Living By The Law Promotes Sin (Problem 8 of 8)

"But sin, seizing an opportunity through the commandment (i.e. law), produced in me all kinds of covetousness."   The Apostle Paul, 55 A.D.
            When we live by the Law we actually makes things worse!  The Law inescapably promotes sin in several ways when it is not properly taught and when it is lifted up as a means and source of power to live out our Christian life.  There are 7 examples below. 
            The first is that the Law makes demands upon mankind that mankind cannot simply accomplish (Romans 3:10-12).  As a result C.F.W. Walther states, “this causes man to regard God as cruel in demanding what man cannot accomplish.[1]
            The second, according to Walther, is that when the Law is presented it “rouses our desire and a rebellious thought like this in us: ‘What? Is this to be denied of us?’  The fall of Adam proves this:  The devil had quickly turned him to his side when he said: ‘Has God really said that you shall not eat of every tree in the garden?’  That brought the fall of our first parents.  For without the Law sin was dead.[2](See Genesis 3:1-ff; Romans 7:7-ff)
            The third is that when the Law is not properly taught it leads to pride and deception.  When the Law is taught as a command to change the sinful heart, an action that it cannot do, it actually deceives us to think that we are capable of changing our own heart by the Law and thus we have works righteousness and pride. (See Mark 10:17-22)
            The fourth is that Living by the Law produces Hypocrisy.  Because the Law can only curb and regulate external actions to a certain extent but cannot change the internal heart it actually promotes hypocrisy. (See Problem #2: The Law Cannot Truly Change Behavior)  Living by the Law actually produces an inconsistency between the outside actions and the true motive of the heart. (See Matthew 23:25-28)
            Fifth… when we live by the Law we end up having to water down the Law.  According to Forde, because the Law is unattainable for us as humans we, “water down the law in some way to make it less demanding.[3]We emphasize parts of the Law that we are not struggling with while we deemphasize the other parts of the Law that we are struggling with and cannot achieve.  We pick, boast and highlight the things that we are achieving in the Law while conveniently downplaying the parts that we fail in.  This is called Legalism. (See Matthew 23:23-24 & Mark 7:9)
            The sixth is that Living by the Law creates two false classes of people; sinners and righteous people.  While it is true that scripture speaks of people who are lost and people who are found it is important to note the truth of Romans 3:10-12 that states, “No one is righteous, not even one.”  This world has only known of: sinners and one righteous savior, Jesus Christ.  In John 8:1-11 “Jesus, in a brilliant stroke replaces the two assumed categories ‘righteous and guilty’ with two different categories: ‘sinners who admit and sinners who deny…[4] In summary, Living by the Law produces two false categories (i.e. good people and bad people) which ultimately negates Romans 3:10-12.[5]
            Finally, when we live by the Law we nullify God’s grace and make a mockery out of the cross.  It is as if we are saying that Christ died for no purpose.  Living by the Law, according to Luther, “corrupts and diminishes the glory of God’s Grace.[6]”  (Galatians 2:21)

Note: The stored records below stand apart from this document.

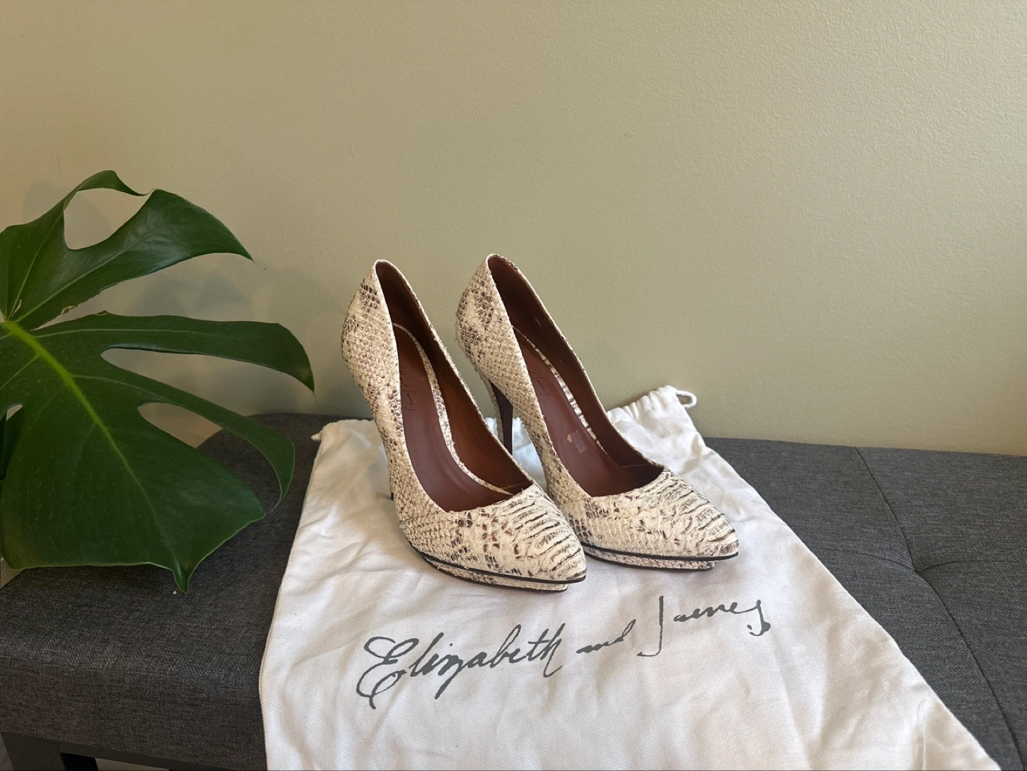 Pair of Elizabeth and James high heels. Snakeskin print. Pointed toe. High stiletto heel. Comes with dust bag. Fits more like a size 6.
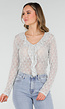 Deze top is uitgevoerd in een fijn kanten materiaal met een open, verticale structuur. Het model heeft een aansluitende pasvorm, lange mouwen en een V-halslijn. Langs de hals en het middenvoorpand is een vast aangezette rucherand verwerkt. De stof is doorschijnend en heeft geen sluiting.
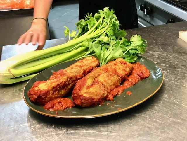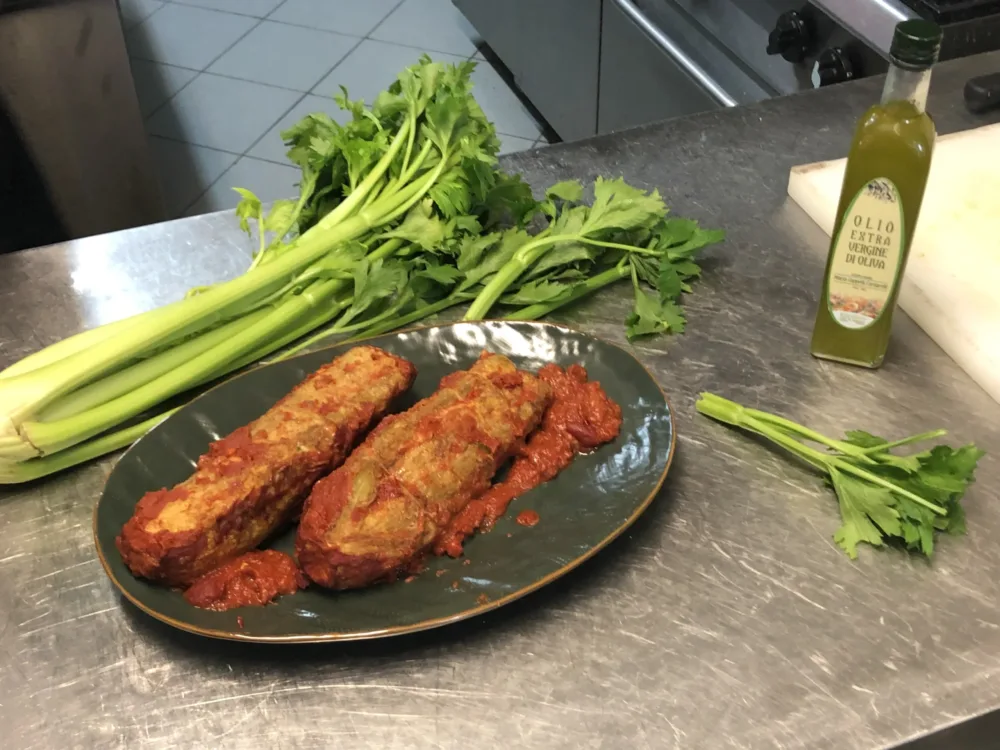 Il sedano ripieno viene poi posizionato in una teglia e ricoperto con il ragù di pomodoro e cosparso con il parmigiano grattugiato.
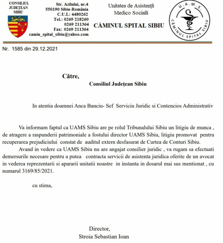 In urma investigatiilor jurnalistice efectuate de Ziua Online, unde anumite angajate îl acuzau pe dl. Vasile Sacelean, fostul director al azilului de pe str. Azilului din Municipiul Sibiu, a venit acum randul UAMS Sibiu sa isi faca dreptate cu fostul angajat in instanta.
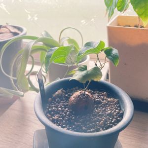 こんにちは😊 エバーフレッシュのチビ君🌿 新しい葉と芽🌱が活発になってきました。 風が強くて水がすぐに乾いちゃう💦 サスティー白いなぁ😅
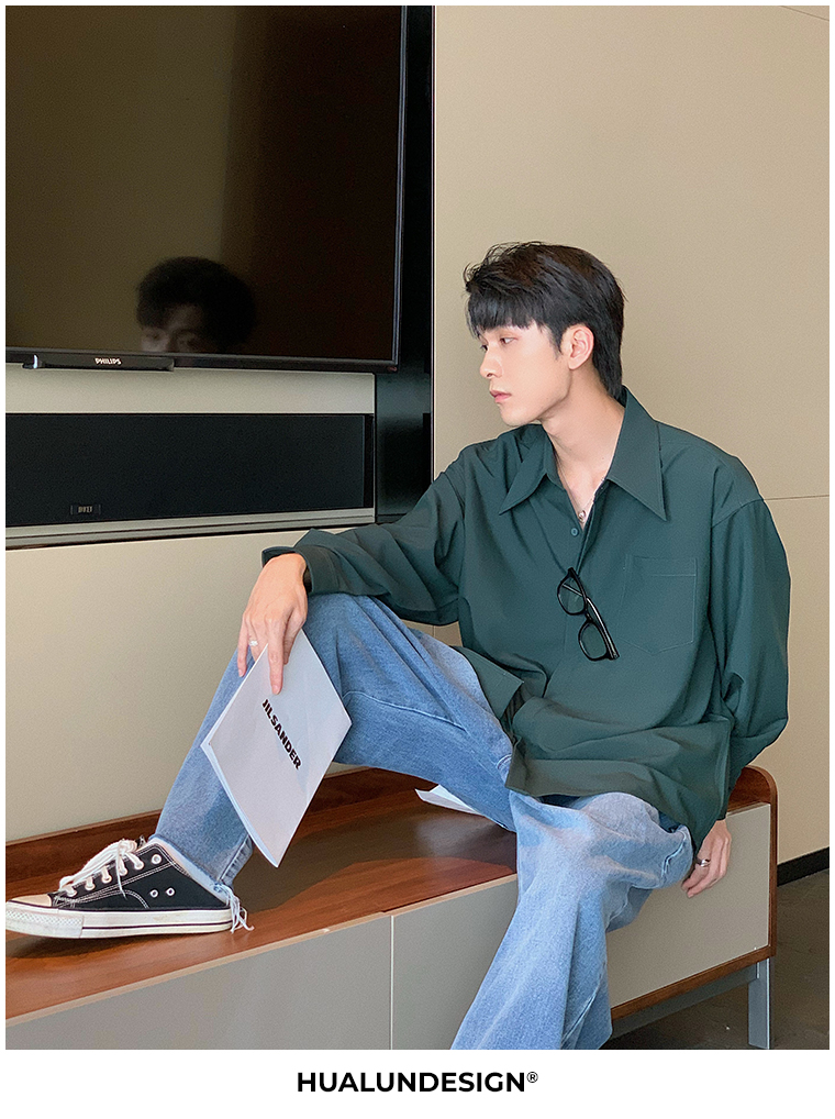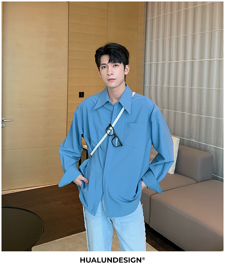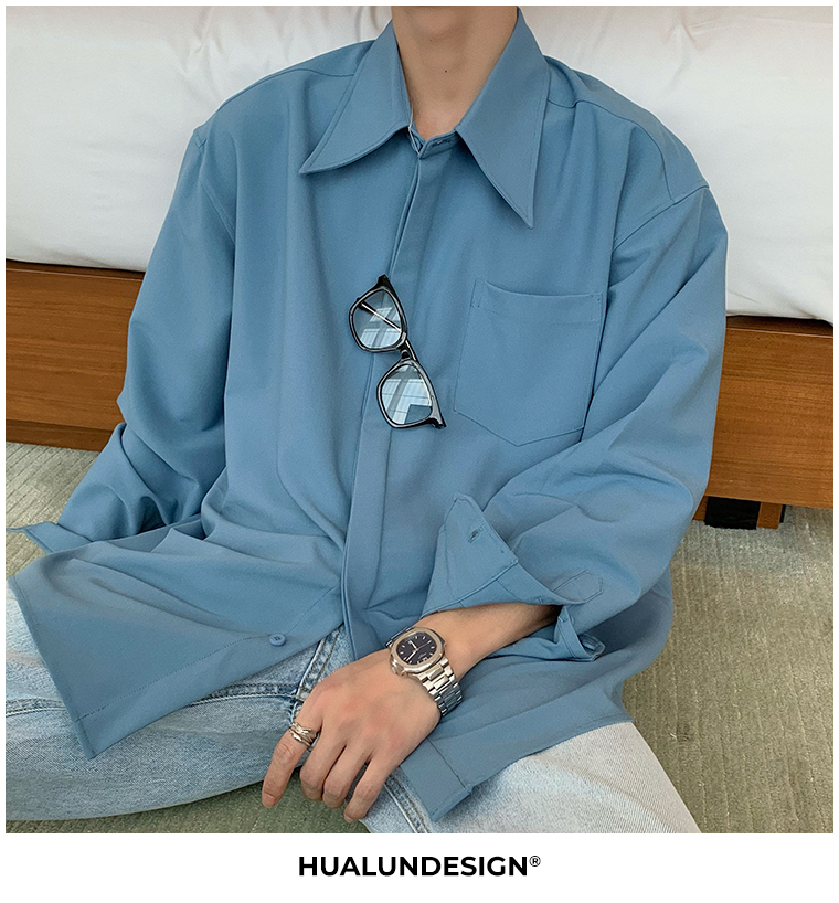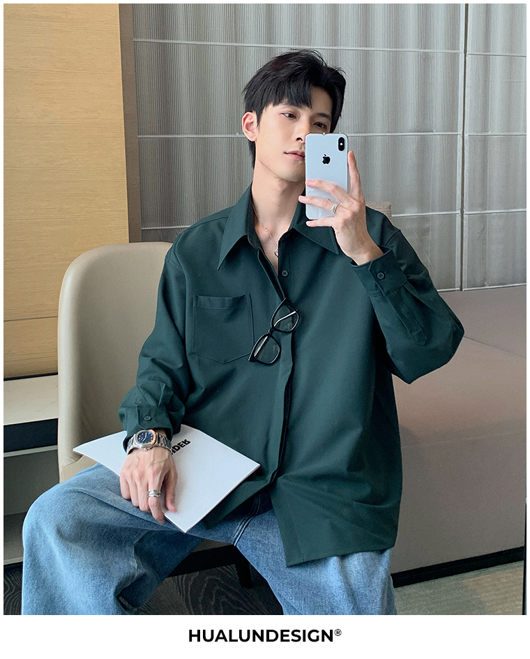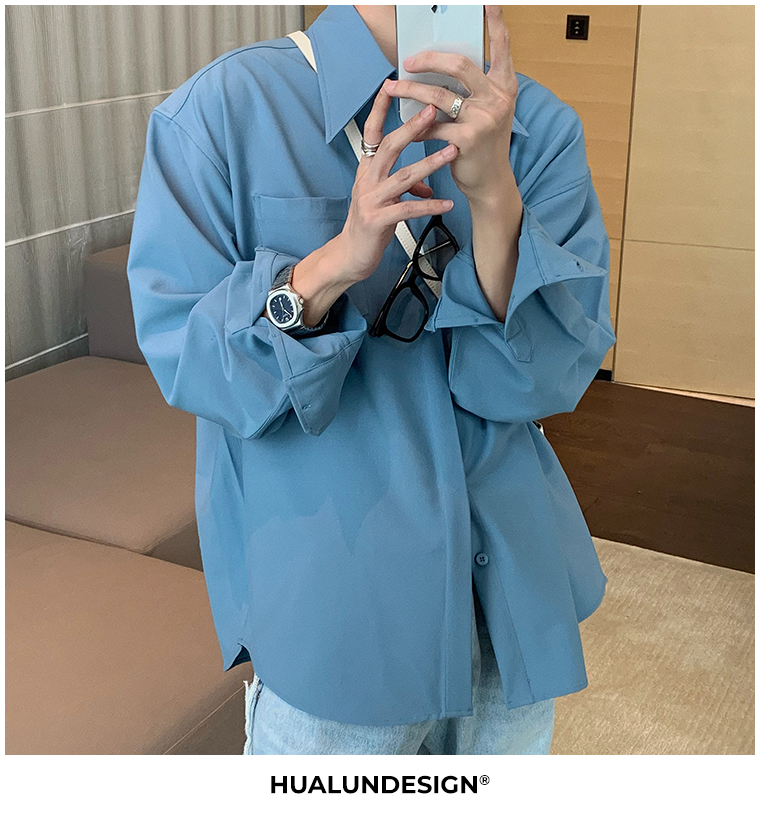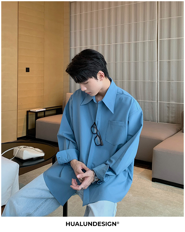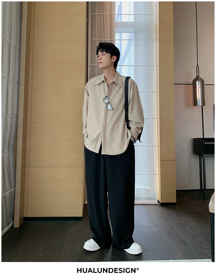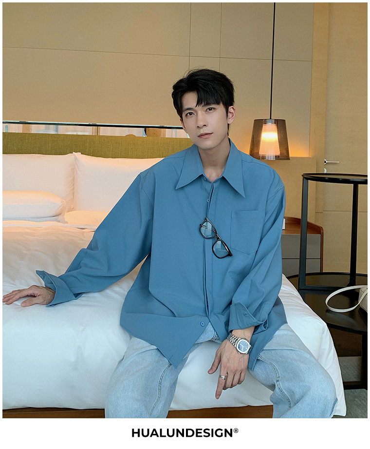 Hualun Autumn Design High-End Casual Gray Shirt for Men, Long-Sleeved, Wrinkle-Free, Solid Color, Korean Style White Shirt

Note: Tomorrow we will conclude this series with the main purpose of the Law and show why the Law is Good!  

[1] C.F.W. Walther, The Proper Distinction Between Law and Gospel (Concordia Publishing, 1897), 383.
[2] Ibid, 383.
[3] Gerhard Forde, On Being a Theologian of the Cross (Eerdmans, 1997), 96.
[4] Quote Unknown to Author of this Paper
[5] Living By the Gospel produces two new categories:  Cleansed and Redeemed Sinners who admit guilt and Sinners who don’t admit guilt.
[6] Martin Luther, The Freedom of a Christian: Luther Study Edition (Fortress Press, 2008), 77.